When changing the parameters in the custom algorithm tab, ensure consistency by updating all relevant fields! For example, do not change the File_ending without uploading another Centrality file!

Purpose of the Custom algorithms:

• Integrate splicing data or data with similar properties with other omics measurements.
• Run MONET using another algorithm such as (R1 or K1) without waiting for the computation of all centralities.
• Provide a different background for the pathway over-representation analysis.
• Provide a different signaling pathways knowledge database for the pathway over-representation analysis.
• Instead of highlighting the kinases in the summary report, you can leverage the algorithm and replace the Kinome database with one containing elements you wish to search and highlight. For instance, you can search for important phosphatases by providing a phosphatase database structured similarly to the Kinome database.
• Modify the centrality file used for generating the circular diagram plot to emphasize different hits.

NOODAI relies mainly on protein-protein and small molecules interaction networks. Certain omics data, such as transcriptomics, can be utilized to construct such a network. However, some omics measurements are not inherently linked to proteins/small molecules, rendering a protein-protein interaction network purposeless (such as miRNAs). These should be mapped to either a ChEBI ID or UniProt ID.

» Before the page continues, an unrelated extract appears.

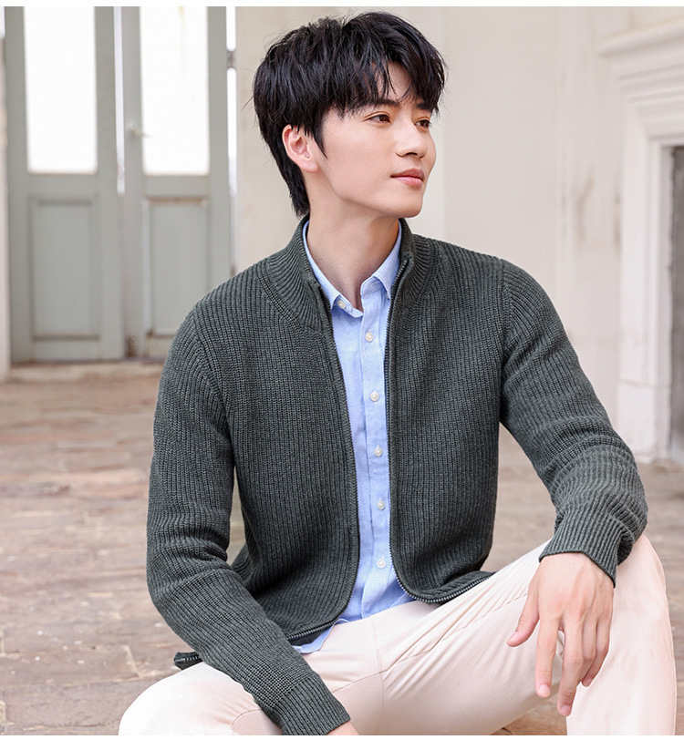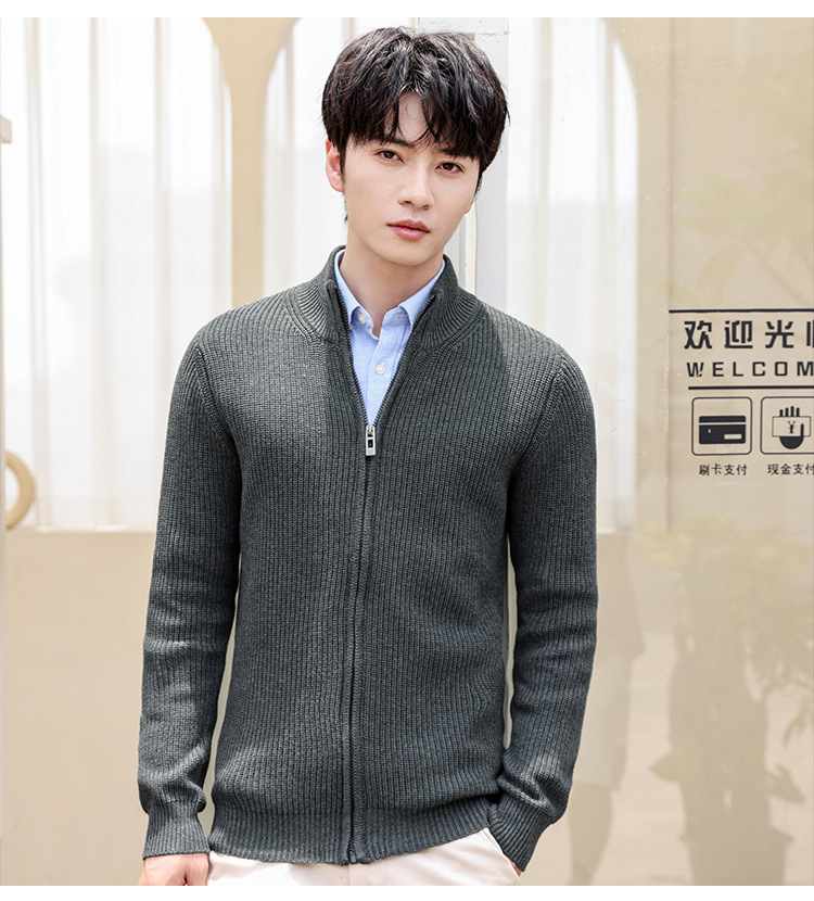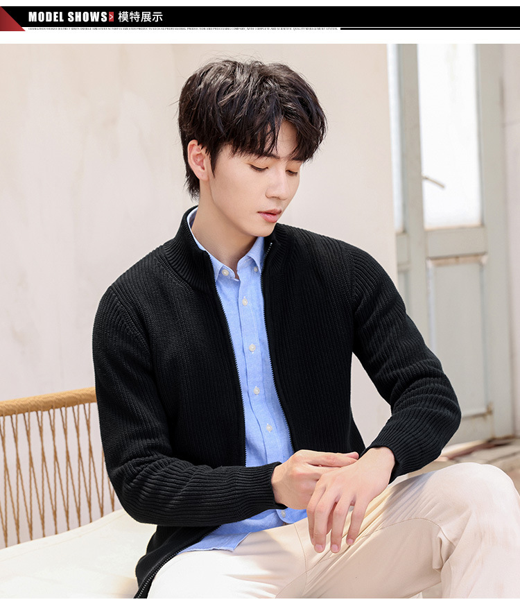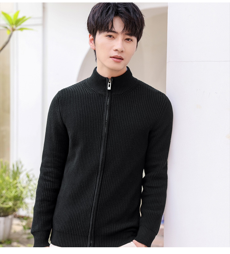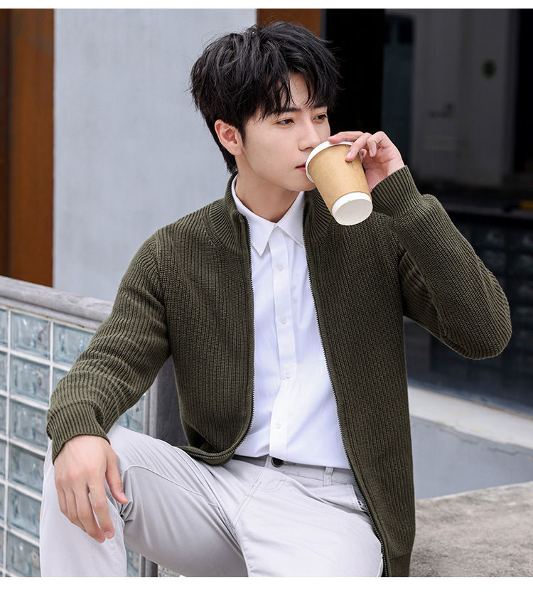 가을과 겨울 하프 하이 칼라 빗질 코튼 솔리드 컬러 지퍼 스웨터 재킷 니트웨어 한국 유행 청소년 남성 가디건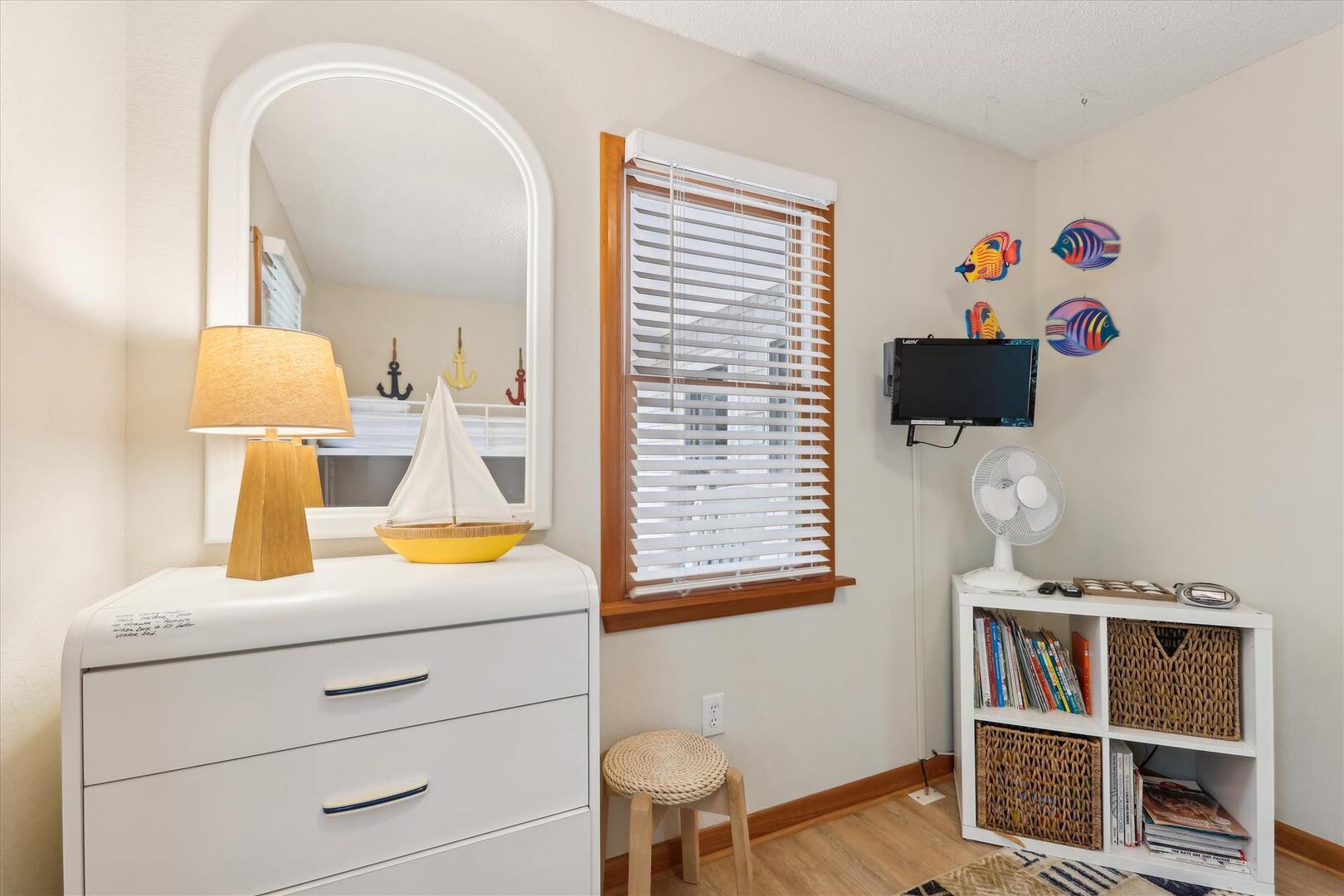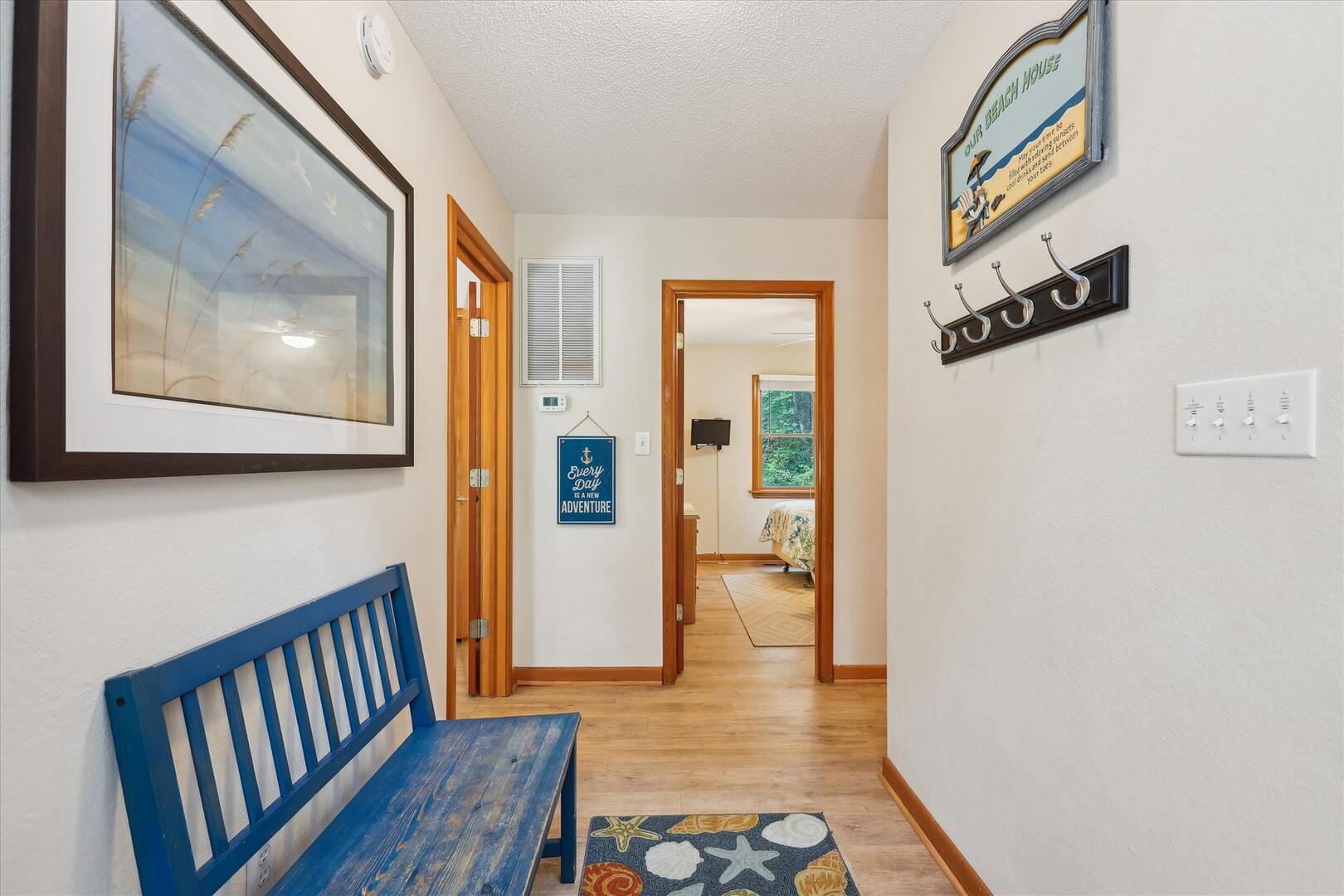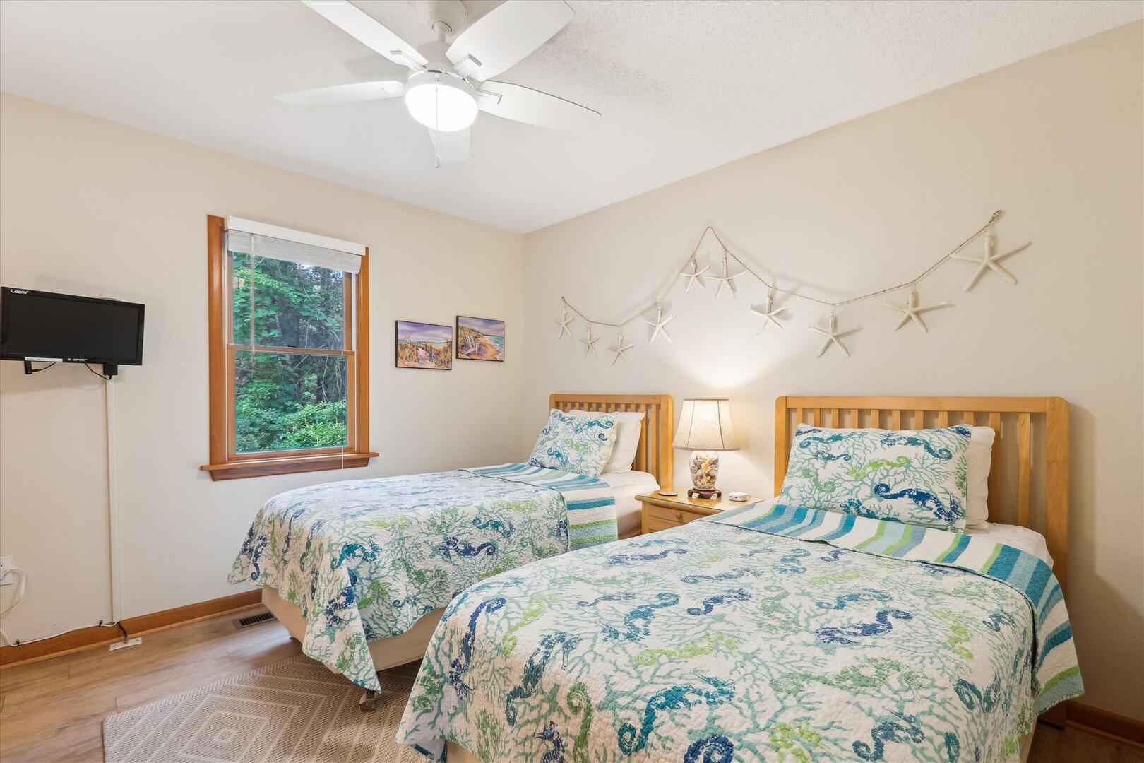 Entertainment is not a problem at Leeward Inn! The living area features a Flat Screen HDTV with DVD player and plenty of videos and movies for family movie night. HDTVs with DVD players are also in every bedroom so everyone can watch what they like when they want. Wireless High-Speed Internet means everyone can stay connected even on vacation, and the various toys, books, and board games will conquer boredom even on a rainy day. Leeward Inn is just a short walk to the ocean, and the Chicahauk community even has a concrete path right to the beach. This vacation home has access to many community amenities including tennis, a playground with a soccer field and basketball court, pickleball court and 2 marinas! There are even 2 private parking areas at the beach just for Chicahauk Guests!

Small molecule interactions are taken from IntAct. If you want other interaction source you should provide them as a custom made “Interaction File”.

If you analyze other species that the pre-loaded ones you must provide all databases files and you can use the platform only for protein-protein interaction networks (due to ID conversion restrictions from BiomaRt).

How to cite
Totu, Tiberiu; Riudavets Puig, Rafael; Häuser, Lukas Jonathan; Tomasoni, Mattia; Bolck, Hella Anna; Buljan, Marija.
NOODAI: A webserver for network-oriented multi-omics data analysis and integration pipeline.
https://doi.org/10.1101/2024.11.08.622488

NOODAI version 2.0.0 relies on STRING v11.5, BioGRID v4.4.218, IntAct v245, Ensembl BioMart v114 and Reactome v90. Alternative knowledge databases can be provided by the user.